Authorization permits a user to perform the desired operations, after being authenticated. For example, a human resources application may authorize managers to view personal employee information for all employees, but allow employees to view only their own personal information.


A realm, also called a security policy domain or a security domain in the J2SE specification, is a scope over which a common security policy is defined and enforced by the security administrator of the security service. Supported realms in Sun Java System Web Server are file, ldap, certificate, solaris, custom, and nativerealm. For more information about supported realms, see Realm Configuration.

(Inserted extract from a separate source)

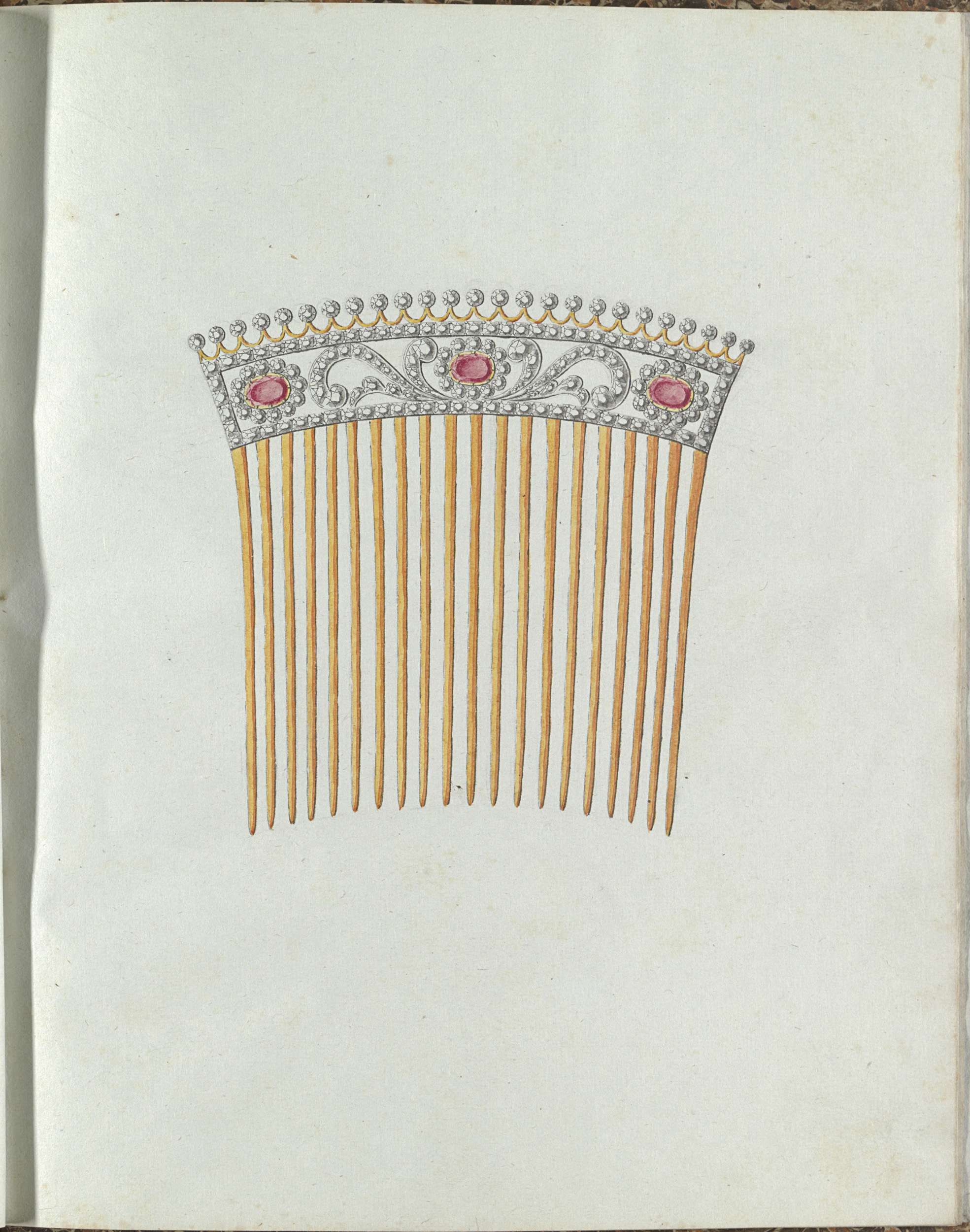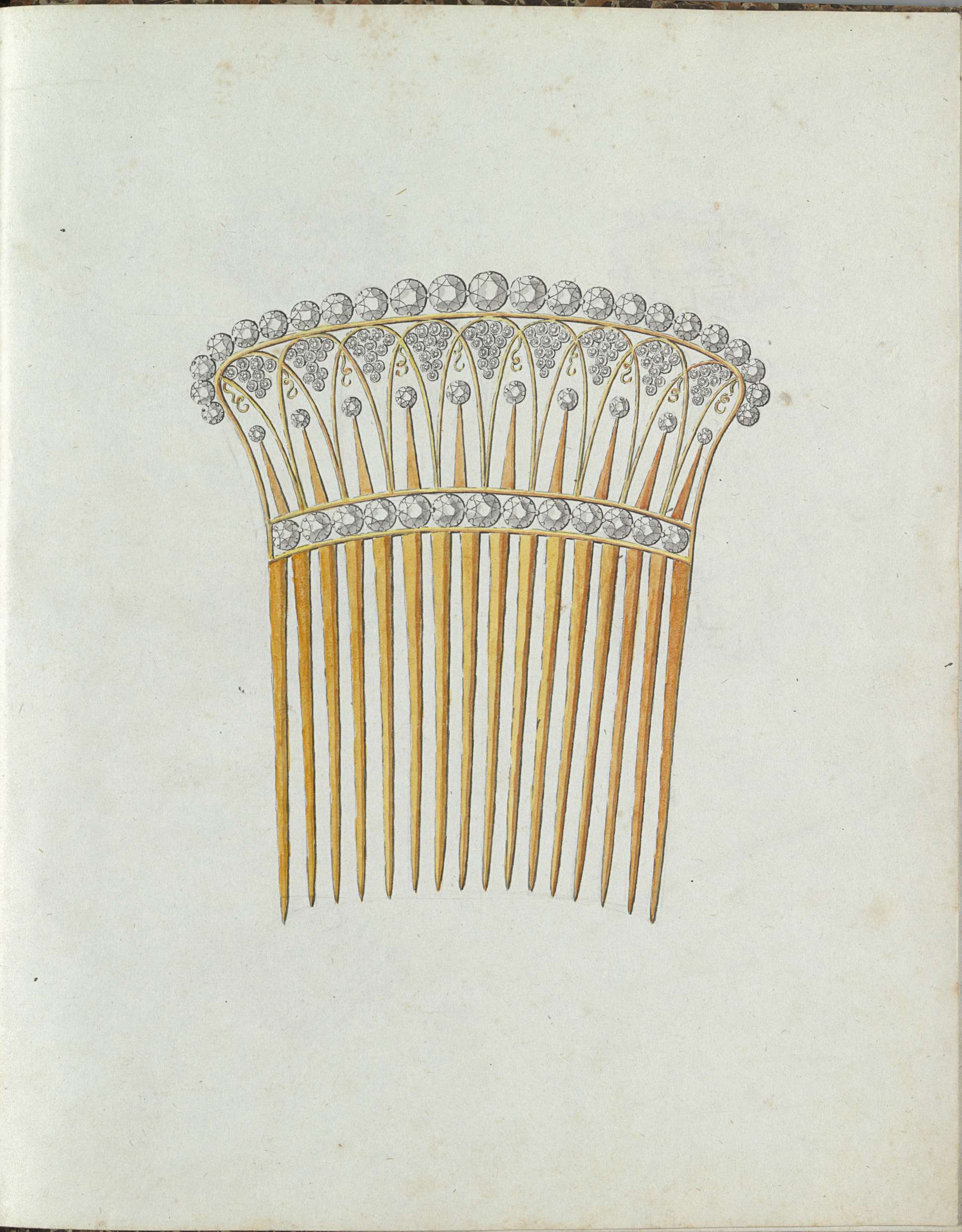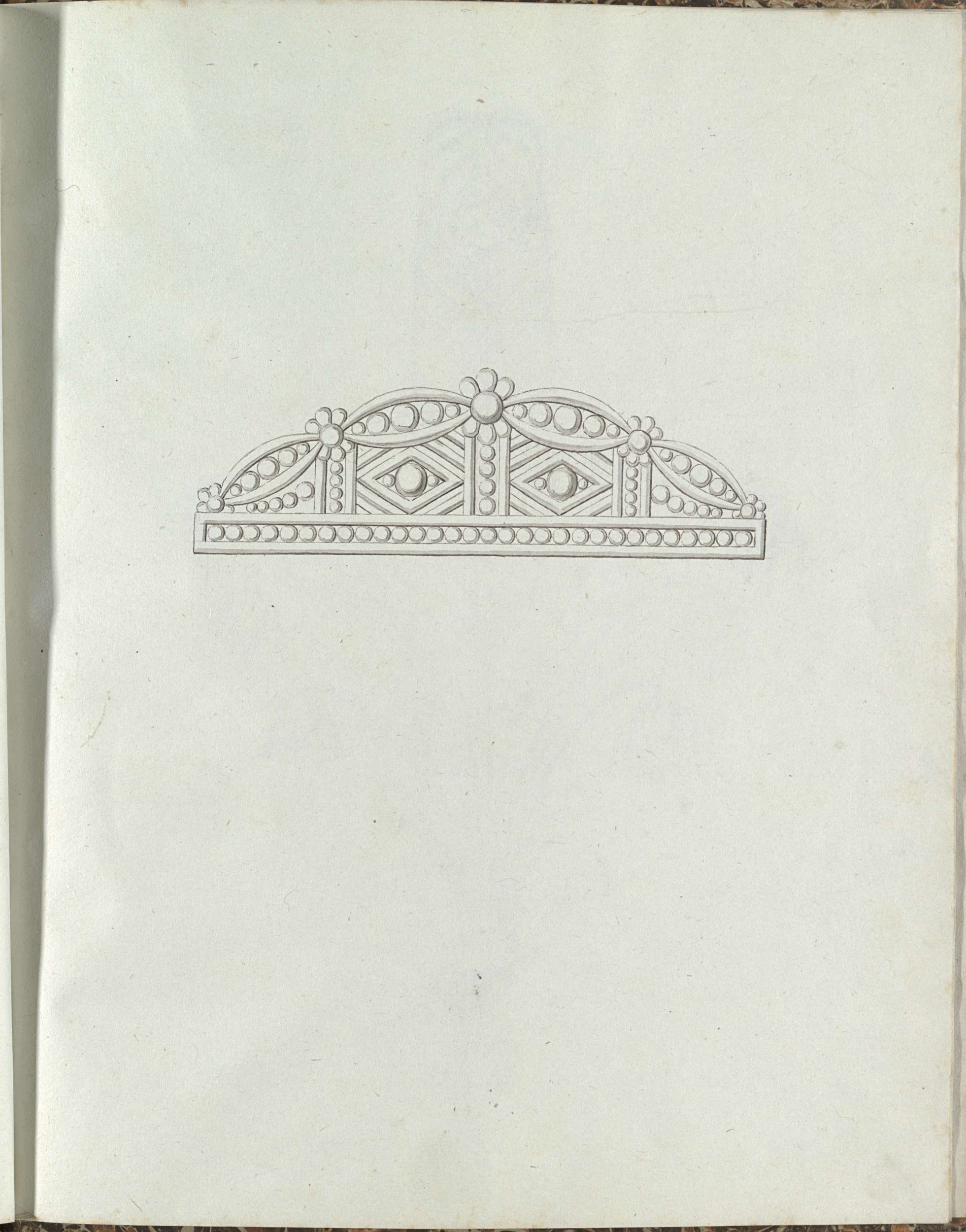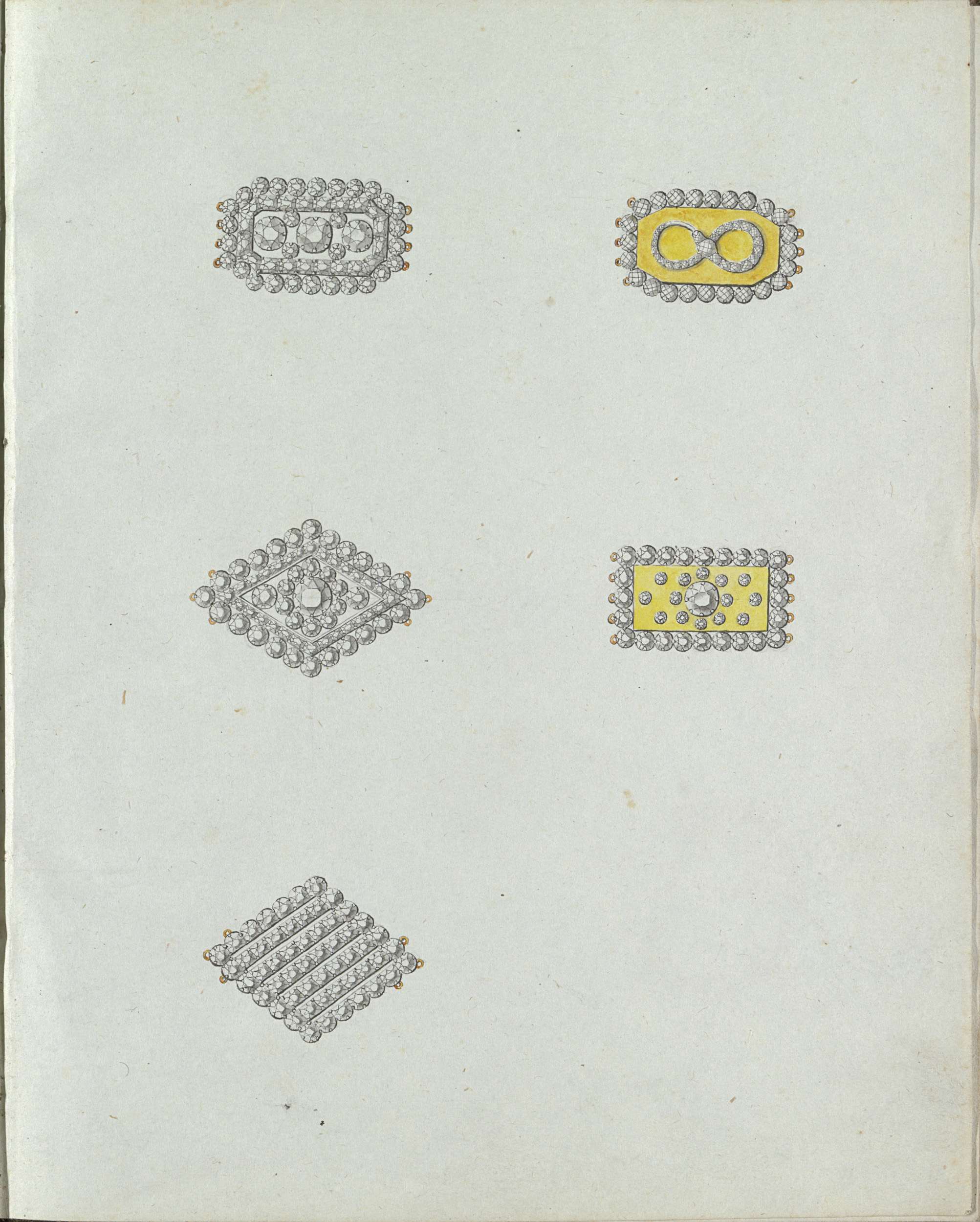 Vijf ontwerpen van oorbellen, waarvan één met een dr...

J2SE Application Role Mapping

In the J2SE/Servlet security model, a client may be defined in terms of a security role. For example, a company might use its employee database to generate both a company-wide phone book application and payroll information. Obviously, while all employees might have access to phone numbers and email addresses, only some employees would have access to the salary information. Employees with the right to view or change salaries might be defined as having a special security role.

A role is different from a user group in that a role defines a function in an application, while a group is a set of users who are related in some way. For example, members of the groups astronauts, scientists, and (occasionally) politicians all fit into the role of SpaceShuttlePassenger.

In Sun Java System Web Server, roles correspond to users or groups (or both) configured in the active realm.

Container Security

The component containers are responsible for providing J2SE application security. Two security forms are provided by the container, as discussed below: programmatic security and declarative security.

Programmatic Security

Programmatic security is when a servlet uses method calls to the security API, as specified by the J2SE security model, to make business logic decisions based on the caller or remote user's security role. Programmatic security should only be used when declarative security alone is insufficient to meet the application's security model.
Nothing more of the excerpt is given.